◆ Directions ◆
Give the data below again exactly as it stands. Omit the pictures.

[Stored dataset items]
*** Block opens ***

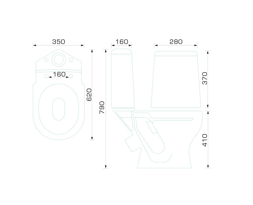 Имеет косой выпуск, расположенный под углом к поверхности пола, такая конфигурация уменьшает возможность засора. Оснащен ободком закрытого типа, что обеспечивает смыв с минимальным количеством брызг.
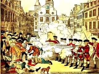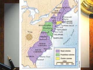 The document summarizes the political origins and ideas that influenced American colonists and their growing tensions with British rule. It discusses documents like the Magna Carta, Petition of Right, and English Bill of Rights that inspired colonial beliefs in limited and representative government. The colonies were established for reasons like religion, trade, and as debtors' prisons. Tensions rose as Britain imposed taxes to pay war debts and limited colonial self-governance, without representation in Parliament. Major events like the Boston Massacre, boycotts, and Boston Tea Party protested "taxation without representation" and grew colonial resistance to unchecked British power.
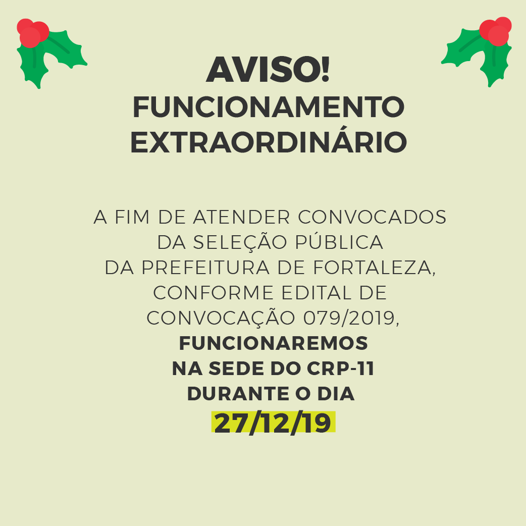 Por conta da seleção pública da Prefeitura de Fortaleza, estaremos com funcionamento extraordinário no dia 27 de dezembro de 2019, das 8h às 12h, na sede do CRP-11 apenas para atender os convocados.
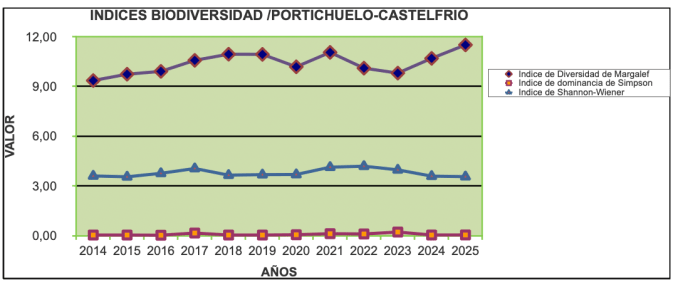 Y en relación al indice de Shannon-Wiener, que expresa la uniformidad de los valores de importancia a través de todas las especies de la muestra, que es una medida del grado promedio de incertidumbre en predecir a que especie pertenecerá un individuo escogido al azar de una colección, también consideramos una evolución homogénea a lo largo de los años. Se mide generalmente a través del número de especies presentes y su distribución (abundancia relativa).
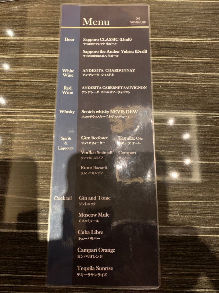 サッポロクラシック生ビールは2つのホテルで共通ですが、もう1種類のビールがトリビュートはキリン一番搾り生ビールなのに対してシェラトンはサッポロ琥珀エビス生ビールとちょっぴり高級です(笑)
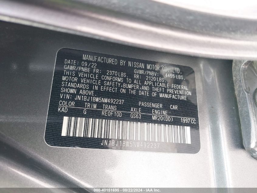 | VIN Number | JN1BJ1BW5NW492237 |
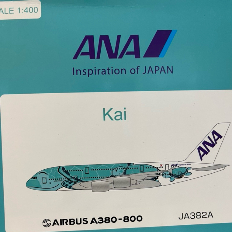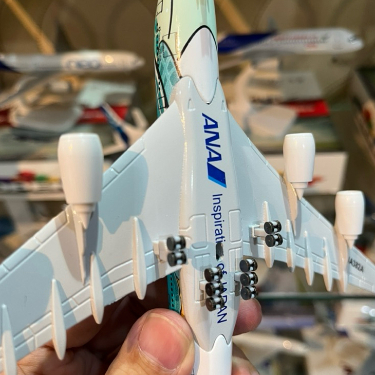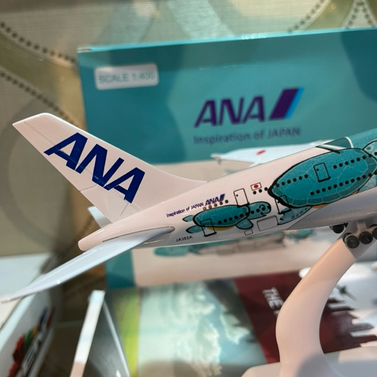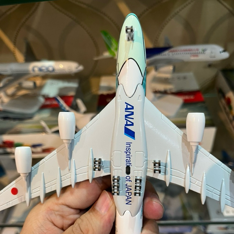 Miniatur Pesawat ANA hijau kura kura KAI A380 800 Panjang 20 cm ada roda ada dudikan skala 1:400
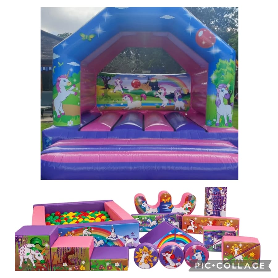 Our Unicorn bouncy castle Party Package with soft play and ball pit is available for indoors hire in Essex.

*** Block closes ***

◆ Written answer ◆
 Имеет косой выпуск, расположенный под углом к поверхности пола, такая конфигурация уменьшает возможность засора. Оснащен ободком закрытого типа, что обеспечивает смыв с минимальным количеством брызг.
 The document summarizes the political origins and ideas that influenced American colonists and their growing tensions with British rule. It discusses documents like the Magna Carta, Petition of Right, and English Bill of Rights that inspired colonial beliefs in limited and representative government. The colonies were established for reasons like religion, trade, and as debtors' prisons. Tensions rose as Britain imposed taxes to pay war debts and limited colonial self-governance, without representation in Parliament. Major events like the Boston Massacre, boycotts, and Boston Tea Party protested "taxation without representation" and grew colonial resistance to unchecked British power.
 Por conta da seleção pública da Prefeitura de Fortaleza, estaremos com funcionamento extraordinário no dia 27 de dezembro de 2019, das 8h às 12h, na sede do CRP-11 apenas para atender os convocados.
 Y en relación al indice de Shannon-Wiener, que expresa la uniformidad de los valores de importancia a través de todas las especies de la muestra, que es una medida del grado promedio de incertidumbre en predecir a que especie pertenecerá un individuo escogido al azar de una colección, también consideramos una evolución homogénea a lo largo de los años. Se mide generalmente a través del número de especies presentes y su distribución (abundancia relativa).
 サッポロクラシック生ビールは2つのホテルで共通ですが、もう1種類のビールがトリビュートはキリン一番搾り生ビールなのに対してシェラトンはサッポロ琥珀エビス生ビールとちょっぴり高級です(笑)
 | VIN Number | JN1BJ1BW5NW492237 |
 Miniatur Pesawat ANA hijau kura kura KAI A380 800 Panjang 20 cm ada roda ada dudikan skala 1:400
 Our Unicorn bouncy castle Party Package with soft play and ball pit is available for indoors hire in Essex.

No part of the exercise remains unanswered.